Aiko Saisho stood up next. She said, “Ryo-chan, thank you for bandaging me up that time I fell down. I’ll never forget.” Aiko Saisho’s great-uncle was the famous Admiral Togo of the Russo-Japanes War, and Atsuko Saisho, another relative of hers, was a celebrated poetess at Emperor Meiji’s court. But Aiko never mentioned them.
Miyo-chan, the headmaster’s daughter, knew Ryo-chan the best. Her eyes were full of tears. “Take care of yourself, won’t you, Ryo-chan. Let’s write to each other.
Totto-chan had so many things she wanted to say she didn’t know where to begin. So she just said, “Even though you’re gone, Ryo-chan, we’ll have a tea party every day.”
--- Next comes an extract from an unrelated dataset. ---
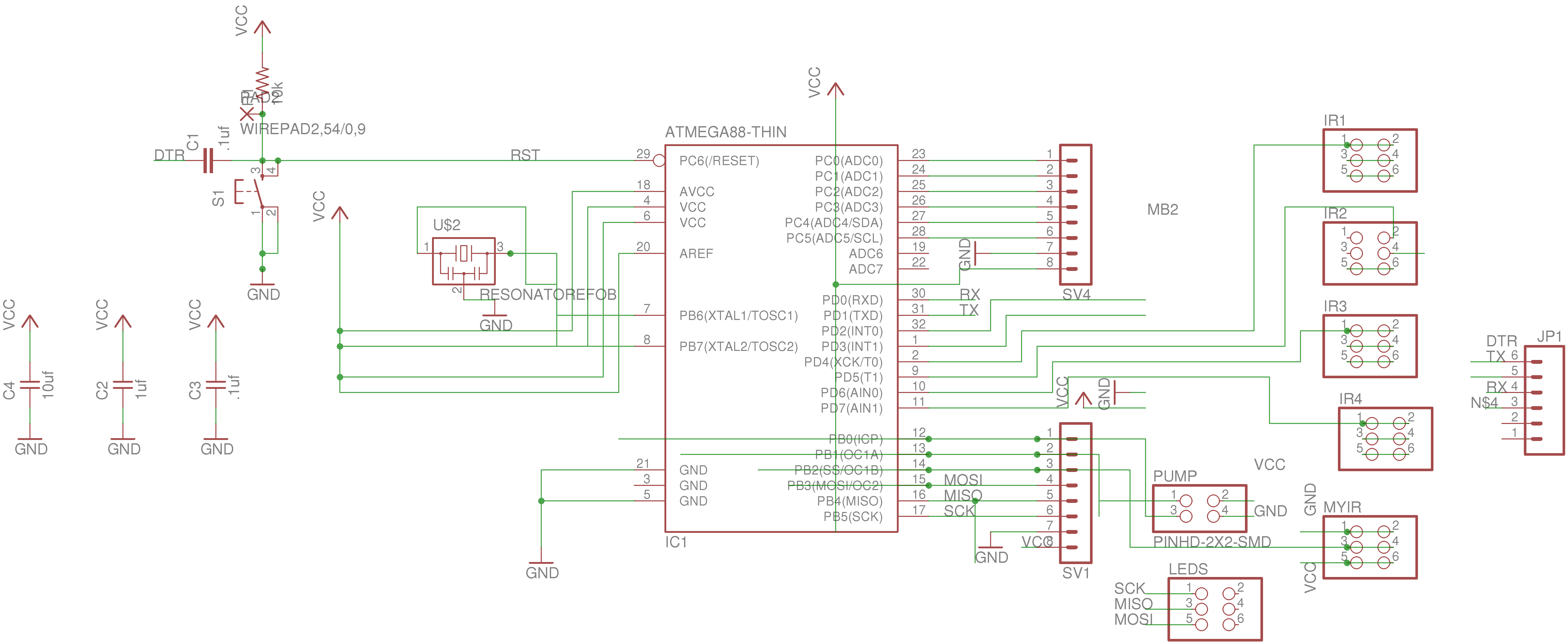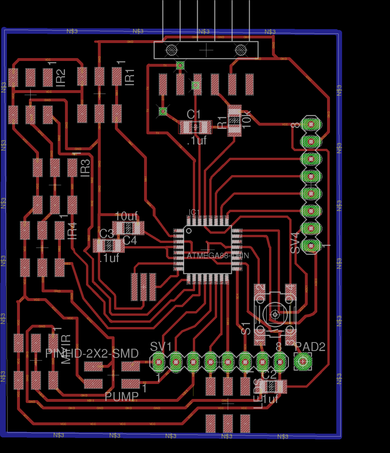 In this section we describe electronics PCB that machine uses. The elements have made IR sensor, H-bridge single,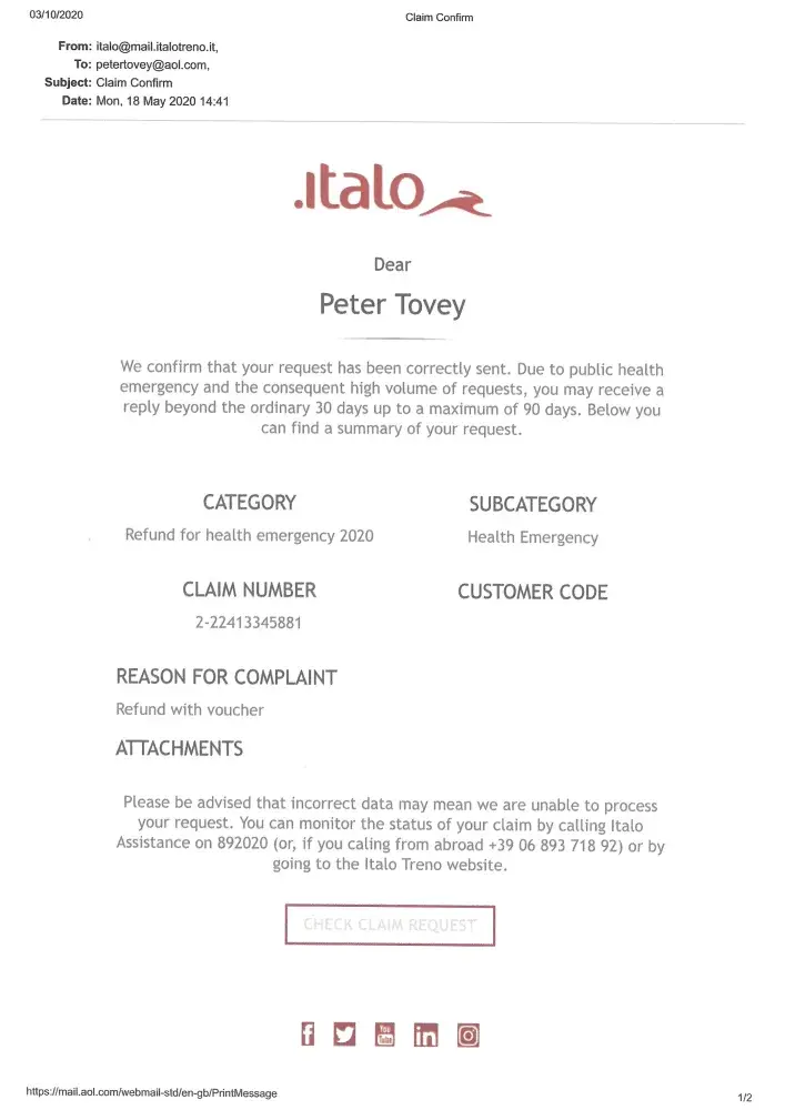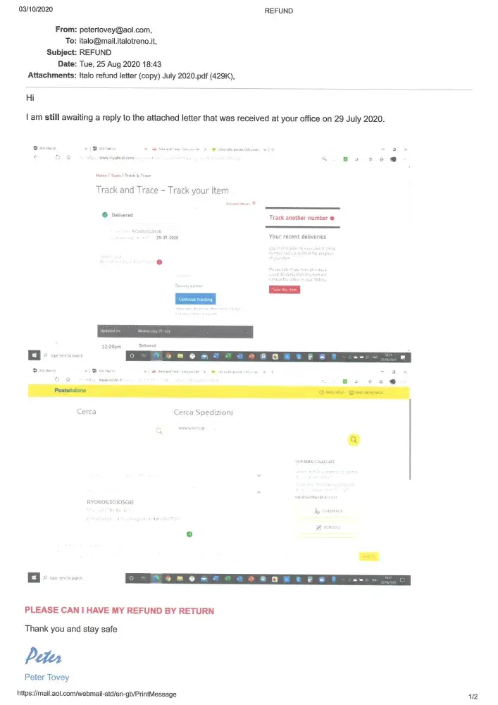 Read full complaintItalo - Nuovo Trasporto Viaggiatori S.p.A - Refund

The headmaster laughed, and so did Ryo-chan. All the children laughed, too, even Totto-chan herself.
But Totto-chan’s words came true the very next day. Whenever there was time the children would form a group and play “tea party.” Instead of dried squid, they would suck things like tree bark, and they sipped glasses of water instead of tea, sometimes pretending it was sake. Someone would say, “I’ll bring you some funeral dumplings,” and they’d all laugh. Then they’d talk and tell each other their thoughts.
Even though there wasn’t anything to eat, the “tea parties” were fun.
The “tea party” was a wonderful farewell gift that Ryo-chan left the children. And although none of them had the faintest idea then, it was in fact the last game they were to play at Tomoe before the children parted and went their separate ways.
Ryo-chan went off on the Toyoko train. His departure coincided with the arrival of the American airplanes. They finally appeared in the skies above Tokyo and began dropping bombs every day.